Om dezelfde reden dat ik twintig jaar geleden enthousiast was over de nieuwste virtuele ontwikkelingen, zweer ik vandaag bij een elementaire Nokia. Vrijheid. Geen smartphone gebruiken en waar het kan cash betalen, scheelt in data die je te grabbel gooit. Maar het is niet voor mensen die zich omwille van het gemak van alles laten aansmeren. Contactloos betalen bijvoorbeeld. Wat is er zo bevrijdend aan geen vier cijfers moeten intikken? We klikken ook ‘cookies aanvaarden’ aan, omdat we te lui zijn om een selectie aan te vinken. We vinden het gemakkelijk dat onze paswoorden automatisch worden ingevuld. Dat is goed, want wij worden dommer, zo dom dat we de smartversie van al onze toestellen nodig hebben om ons leven in banen te leiden. Nog heel even en je kan van elk banaal toestel een smartversie
kopen. Smart staat eigenlijk voor geniepig, want terwijl jij het een nog handiger toestel vindt, is het vooral een spion die straks informatie uitwisselt met andere smarttoestellen. Dat is het ‘internet of things’: de verzameling van smart stuff. Elk toestel heeft zijn ID, lees IPadres. De toestellen – laptop, smartphone, tablet etc. – die we nog zelf gebruiken en aansturen zullen van het ‘internet of things’ maar een marginaal deel uitmaken. Jouw toestellen gaan voor jou zorgen, samen, op basis van de verzamelde informatie over jouw doen en laten.

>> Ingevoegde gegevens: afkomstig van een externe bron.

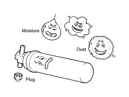 | 2. | Seal the open fittings of components with a cap or plug immediately to prevent intrusion of moisture or dust. |
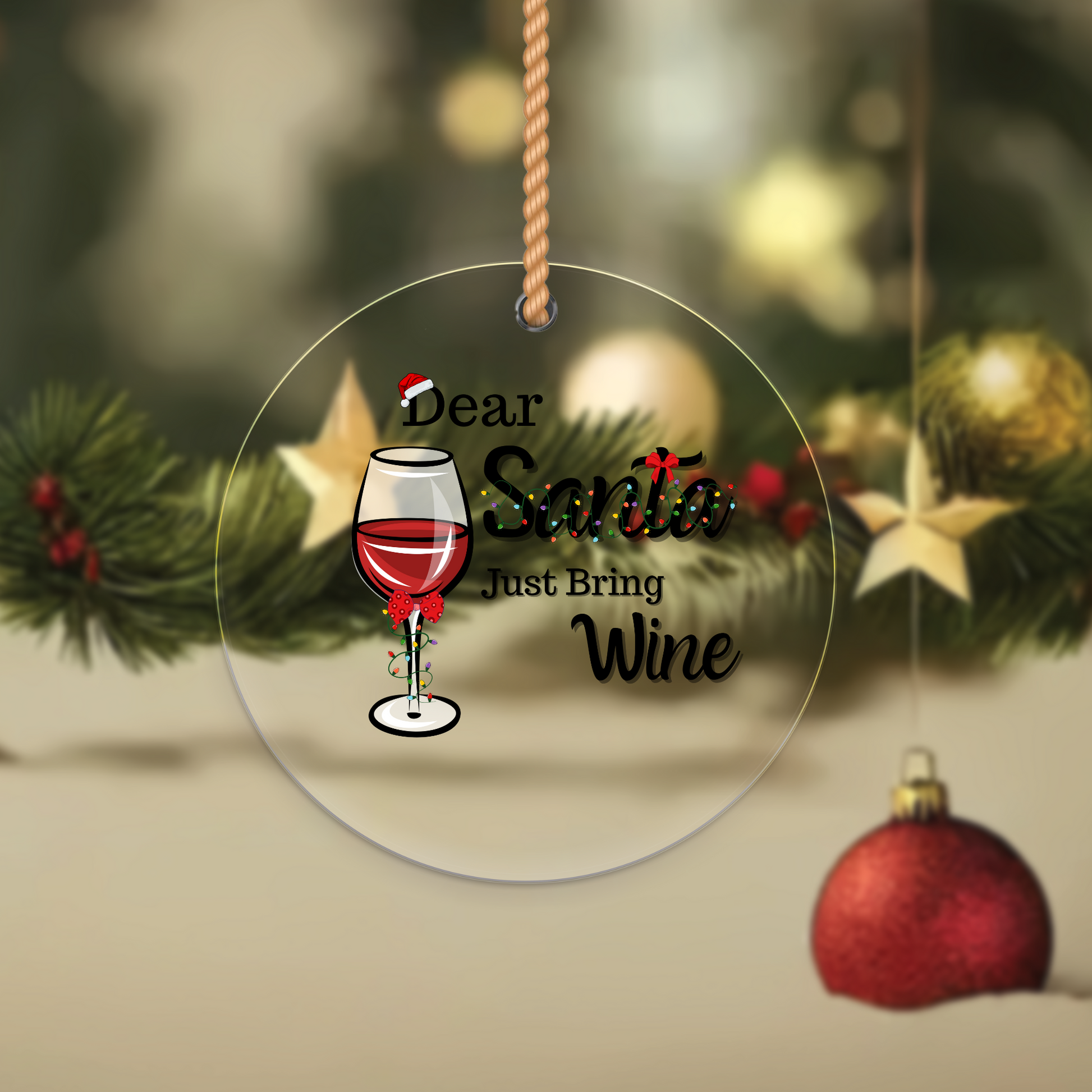 Dear Santa Just Bring Wine - Christmas Ornament UV DTF

Wanneer je plots sport, op de weegschaal gaat staan en je hartslag meet, kan je misschien niet meer bestellen bij McDonalds of zit je ijskast op slot tijdens je intermittentfastingperiode. Je toestellen runnen een soort Truman Show die jou de last van het leven ontneemt. Maar ook je autonomie en controle. Helemaal griezelig (of Chinees) wordt het wanneer ‘een’ overheid op basis van je gedrag, status of krediet met jouw toestellen gaat bepalen hoe jouw gedrag beteugeld moet worden. Rijverbod is dan een auto die een maand lang niet meer met je praat. Bepaalde programmakeuzes kan je niet meer maken, je fondsen zijn bevroren, computer says no… het is niet langer science fiction. Wat met al die aspecten die gisteren nog ons menszijn bepaalden en onze persoonlijkheid tot volle ontwikkeling brachten?
Kantelpunt
Er moet vooral een ethisch debat komen over privacy, maar ook over het recht om niet continu gevolgd te worden door systemen die op basis van (nooit volledige) data conclusies trekken. Overheden moeten aan burgers hun data teruggeven en die data alleen mét toestemming gebruiken voor zinvolle, nietcommerciële projecten. Ook niet omwille van pure datadrift. Maar is daar hoop op, nu corona de controlezucht van de overheden tot ver voorbij de grondwettelijkheid en de rechten van de mens heeft gedreven? Zoals het er nu uitziet, krijgen we niets terug, onze vrijheid niet, onze data niet. We staan net op het punt om ons onderschatte, wellicht verkeerd gebruikte maar ingenieuze brein te laten verdringen door artificiële intelligentie die vooralsnog empathie, creativiteit en spiritualiteit, kortom menselijkheid mist. We zitten nu op een kantelpunt. De burger moet zich bewust worden van het belang van de bescherming van zijn privacy. Educatie is belangrijk, technologische educatie. Het domme standaardantwoord dat men niets te verbergen heeft en dus geen privacy behoeft, mogen we niet aanvaarden.
De gebruiker moet terug de driver’s seat innemen, en dat vraagt om kennis, ook van het verleden.